(TASK DESCRIPTION): Write out the lines below exactly, beginning at the one with "SELECT body FROM" and stopping after the one with "Didriksons overall 100cm"; the pictures are not copied.

(RECORDS TO PROCESS):
-- Opening Marker --
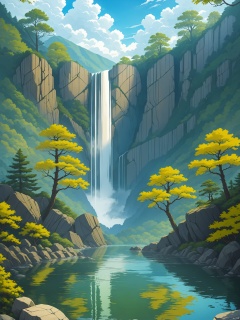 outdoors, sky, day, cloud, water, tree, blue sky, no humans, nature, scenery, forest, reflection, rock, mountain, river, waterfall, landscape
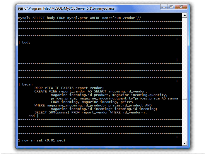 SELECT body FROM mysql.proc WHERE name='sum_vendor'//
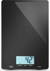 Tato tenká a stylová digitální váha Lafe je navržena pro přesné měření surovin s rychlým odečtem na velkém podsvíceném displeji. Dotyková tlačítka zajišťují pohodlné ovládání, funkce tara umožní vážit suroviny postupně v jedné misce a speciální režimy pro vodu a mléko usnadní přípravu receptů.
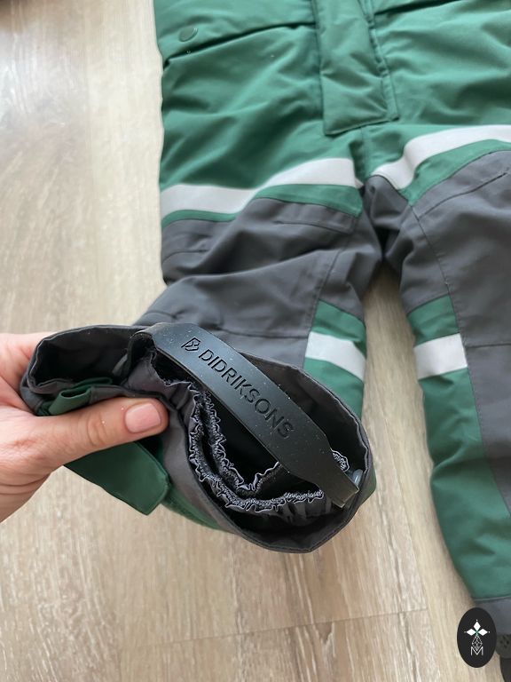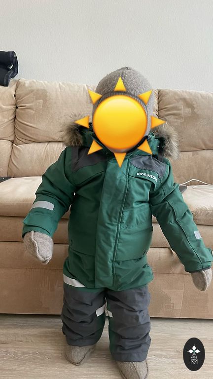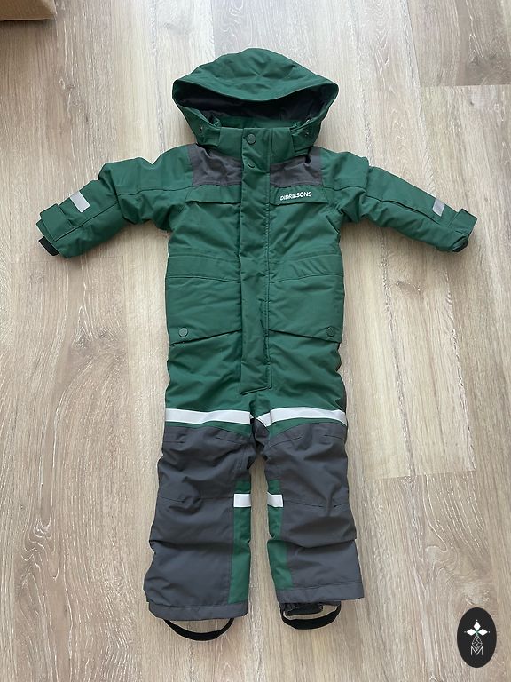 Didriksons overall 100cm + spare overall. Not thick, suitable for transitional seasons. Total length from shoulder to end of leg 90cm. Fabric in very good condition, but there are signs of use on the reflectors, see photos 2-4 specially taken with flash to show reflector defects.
-- Closing Marker --
-- Opening Marker --
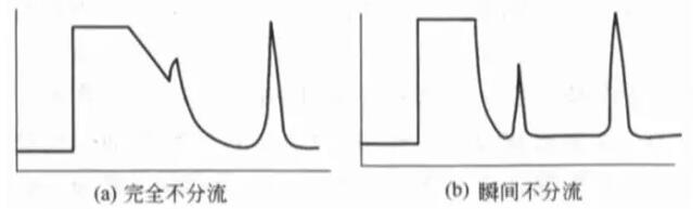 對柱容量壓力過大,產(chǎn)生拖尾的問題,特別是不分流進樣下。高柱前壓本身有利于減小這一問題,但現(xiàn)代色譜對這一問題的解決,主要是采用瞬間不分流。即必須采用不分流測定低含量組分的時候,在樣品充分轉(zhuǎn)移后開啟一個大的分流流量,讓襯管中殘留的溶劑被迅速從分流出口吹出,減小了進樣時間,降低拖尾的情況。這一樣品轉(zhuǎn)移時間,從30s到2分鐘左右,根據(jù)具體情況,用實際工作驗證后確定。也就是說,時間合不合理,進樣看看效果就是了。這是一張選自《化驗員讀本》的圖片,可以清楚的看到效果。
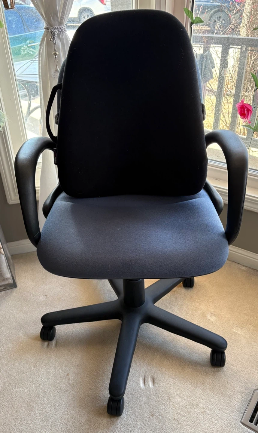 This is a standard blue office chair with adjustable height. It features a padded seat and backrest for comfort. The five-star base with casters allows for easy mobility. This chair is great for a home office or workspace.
-- Closing Marker --
(WRITTEN ANSWER):
 SELECT body FROM mysql.proc WHERE name='sum_vendor'//
 Tato tenká a stylová digitální váha Lafe je navržena pro přesné měření surovin s rychlým odečtem na velkém podsvíceném displeji. Dotyková tlačítka zajišťují pohodlné ovládání, funkce tara umožní vážit suroviny postupně v jedné misce a speciální režimy pro vodu a mléko usnadní přípravu receptů.
 Didriksons overall 100cm + spare overall. Not thick, suitable for transitional seasons. Total length from shoulder to end of leg 90cm. Fabric in very good condition, but there are signs of use on the reflectors, see photos 2-4 specially taken with flash to show reflector defects.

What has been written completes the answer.